Serious questions must be raised and answered on the Shah Commission, including Justice J.C. Shah. To his credit, he spoke during the Emergency to a packed audience at the K.C. College Hall in Mumbai to denounce the 42nd Amendment to the Constitution, a fruit of the Emergency. He ought not to have accepted the assignment to inquire into the Emergency and its excesses.
On December 28, 1979, Justice T.P.S. Chawla of the Delhi High Court delivered a 347-page judgment quashing the prosecution of Indira Gandhi and Pranab Mukherjee for refusing to testify before the Shah Commission. In some 50 pages, Justice Chawla considered the issues of judicial review of the Emergency and the relevance of the oath of office to a Minister's accountability to law. Those pages reek of error. However, he also questioned the procedure adopted by Justice Shah, and that is a matter which deserves greater attention than it has received. It calls for a thorough and objective study.

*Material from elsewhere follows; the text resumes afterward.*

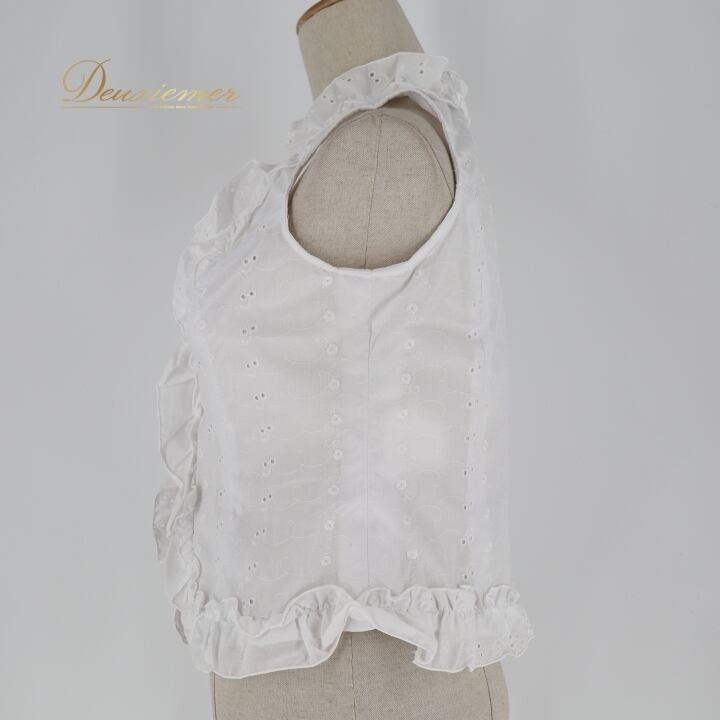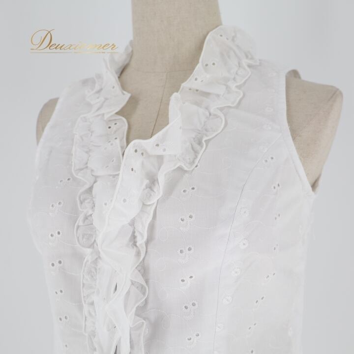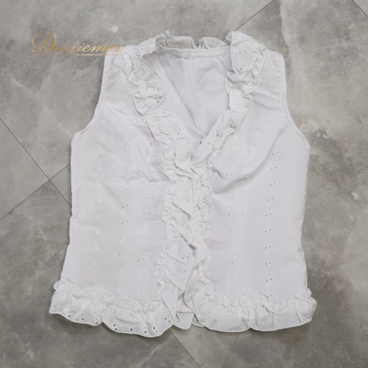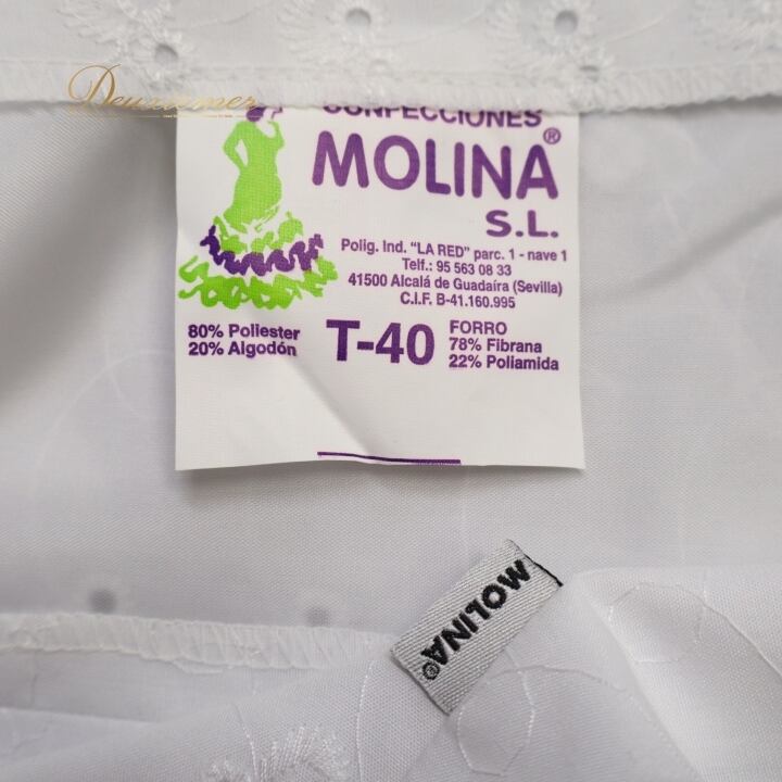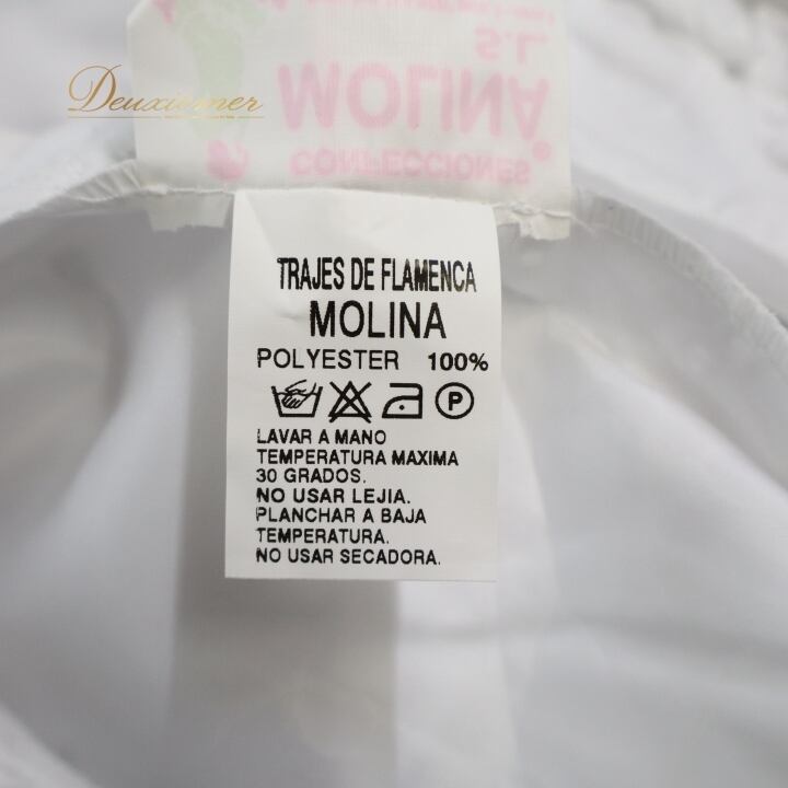 フラメンコ 衣装 トップス ブラウス ホワイト系 モリーナ MOLINA 白 刺繍 ノースリーブ 袖なし フリル ボランテ かわいい オールホワイト 爽やか ダンス衣装 練習 レッスン イベント ステージ

The Commissions of Inquiry Act, 1952, has two pertinent provisions. Section 5(2) empowers the commission to require any person to furnish information on such points or matters which in its opinion may be useful for or relevant to the inquiry. That person is legally bound to furnish the information on pain of punishment. This clearly applies to requisition for information on specific points which the commission requires. They must be set out in the notice itself.
In 1971, the Act was amended advisedly to ensure respect for the rules of natural justice. Section 8 (B) laid down that if the commission (a) considers it necessary to inquire into the conduct of any person; or (b) is of opinion that the reputation of any person is likely to be prejudicially affected by the inquiry, it shall give to that person a reasonable opportunity of being heard in the inquiry. The commission can form that opinion at any stage of the inquiry.
In Indira Gandhi's case, clearly that stage was the very commencement of the inquiry. As Prime Minister she was directly involved. British Tribunals of Inquiry followed this practice. She was called to speak only after charges against her had been broadcast to the wide world day after day.
The Commission of Inquiry (Central) Rules, 1972, required, by Rule 5(2) (a), that the commission shall issue a notice to every person who in its opinion should be given an opportunity of being heard in the inquiry to furnish a statement on such matters as may be specified. This clearly applied to Indira Gandhi and applied at the very outset.
In Chapter III of the First Report, Justice Shah explained the procedure he adopted. In paragraph 3.13 he argued that a preliminary inquiry was necessary to identify that person to whom a notice under Rule 5(2) (a) was necessary. This was worse than absurd. It was disingenuous. The identity of the main suspect, then Prime Minister Indira Gandhi, was not secret. She should have been summoned and allowed to be represented by counsel from the very beginning.
It is not only Indira Gandhi's supporters who were unhappy with Justice Shah's conduct of the inquiry. None questioned the fairness of Justice A.C. Gupta's conduct of the Commission of Inquiry on the Maruti scandal. One grants that the issue raised here is debatable. Two views are possible. The proceedings of the Thakkar-Natarajan Commission and its unfairness to V.P. Singh brought home to many the errors that commissions of inquiry commit. A full study is called for.